Here are some tips to consider as you interact with gatekeepers.
- Meet someone who can help you get to the Decision Maker (DM). They say you are two people away from knowing anyone. If you have targeted a company or DM, share your desire to meet with those you network with. You might be able to bypass the gatekeeper if they set up the meeting for you. If not, you now have a chance to name drop when you call ("John suggested I call").
- Build a relationship with them. Part of their job is to manage the Decision Maker's time. Most of them are reasonable people – if you treat them like the enemy rather than a partner, getting access to that Decision Maker will be a lot harder. You will stand out from most of the folks they meet by treating them as a valuable resource and a person. Get their name, use it, establish rapport and be friendly and appreciative of their help.
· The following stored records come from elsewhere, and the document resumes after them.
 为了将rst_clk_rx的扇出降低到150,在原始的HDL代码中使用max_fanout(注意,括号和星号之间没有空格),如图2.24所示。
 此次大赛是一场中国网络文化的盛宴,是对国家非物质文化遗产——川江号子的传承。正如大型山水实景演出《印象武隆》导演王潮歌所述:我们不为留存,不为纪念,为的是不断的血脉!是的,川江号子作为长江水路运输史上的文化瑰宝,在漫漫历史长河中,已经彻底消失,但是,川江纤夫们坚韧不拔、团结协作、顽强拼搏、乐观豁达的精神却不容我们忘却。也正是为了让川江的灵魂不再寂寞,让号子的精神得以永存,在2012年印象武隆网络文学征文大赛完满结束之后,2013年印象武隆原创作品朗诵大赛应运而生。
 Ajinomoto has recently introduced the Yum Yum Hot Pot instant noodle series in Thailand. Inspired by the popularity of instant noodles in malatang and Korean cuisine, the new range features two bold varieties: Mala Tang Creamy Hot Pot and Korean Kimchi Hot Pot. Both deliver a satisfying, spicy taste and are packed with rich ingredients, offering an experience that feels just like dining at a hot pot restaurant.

- Call at unusual times. Trying to reach a decision maker before 8:00 am, lunchtime or just after 5:00 pm may be a time the gatekeeper hasn't arrived or has left. Even if you get the DM's voicemail, you've bypassed the gatekeeper.
- Things you can say to increase your chances of reaching the DM: a. First names work better than formal names. b. Be respectful, casual, and confident. An example of this is:
Gatekeeper: Good morning; Decision Maker's office.
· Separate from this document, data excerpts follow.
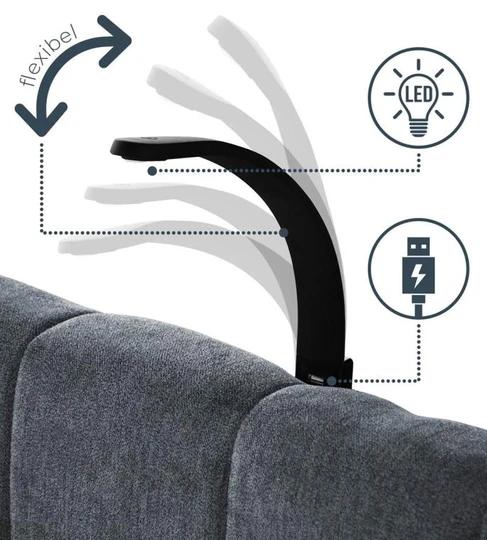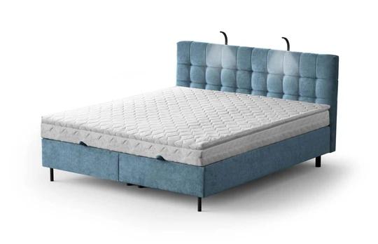 Posteľ má navyše úložný priestor, ktorý sa otvára za pomoci plynových piestov. Jej súčasťou sú aj dve kovové lampy v čiernej farbe s možnosťou regulácie. Osvetlenie je vo svetlej farbe. Nabíja sa cez USB.
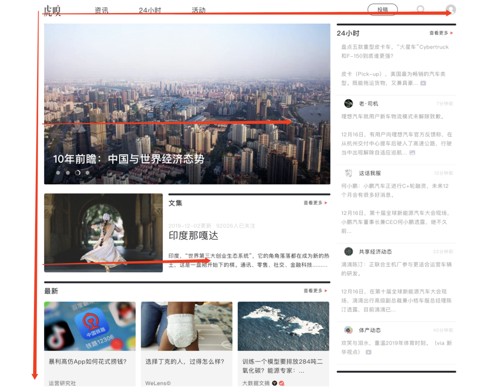 6、网站的布局设计,也会参看8/2法则,例如虎嗅网是F式布局的范例,虎嗅网的LOGO在左上角,从左至右为顶部导航+投稿+搜索+登录/注册,左侧由上至下为咨询信息,左图右文,上图下文。品牌LOGO、功能导航、资讯内容等主要信息放置于页面左侧20%的区域内。
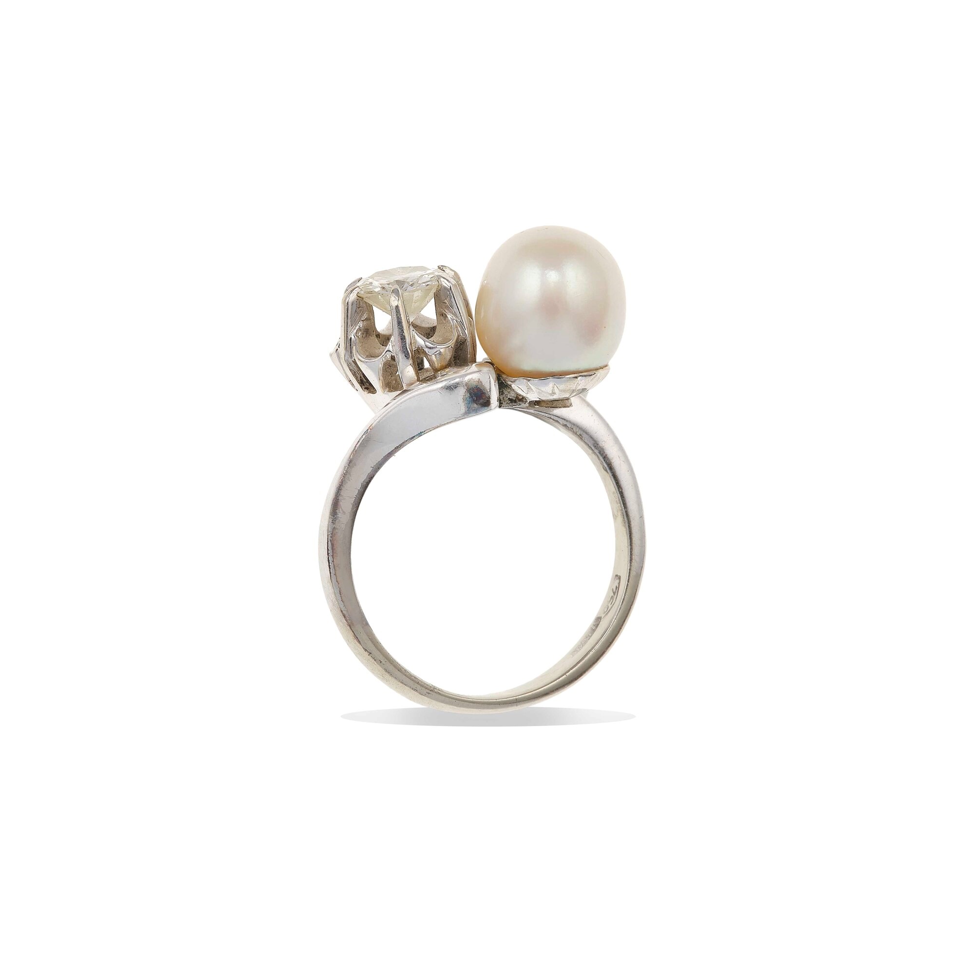 Anello con perla coltivata e diamante taglio brillante montatura in oro...
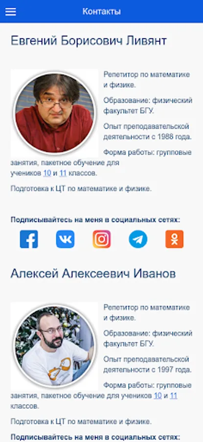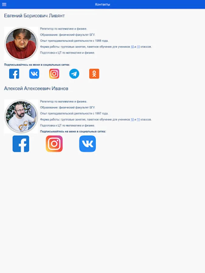 The mobile application is designed to work with tutors in mathematics and physics Livyant Evgeny Borisovich (teaching experience since 1988) and Ivanov Alexey Alekseevich (teaching experience since 1997).

You: Good morning; I'm sorry, I didn't get your name. (If they don't offer it initially.)
Gatekeeper: This is Pat.
Recruiter: Hi Pat, good morning. This is Jennifer Leake calling for Barbara.
- Engage but don't sell. I know they often ask, "what's this about?" – but it's a waste of time (they are not the decision maker) and gives them ammunition to shoot you down. Answering this question, or what you might say on a voicemail is a topic for another time.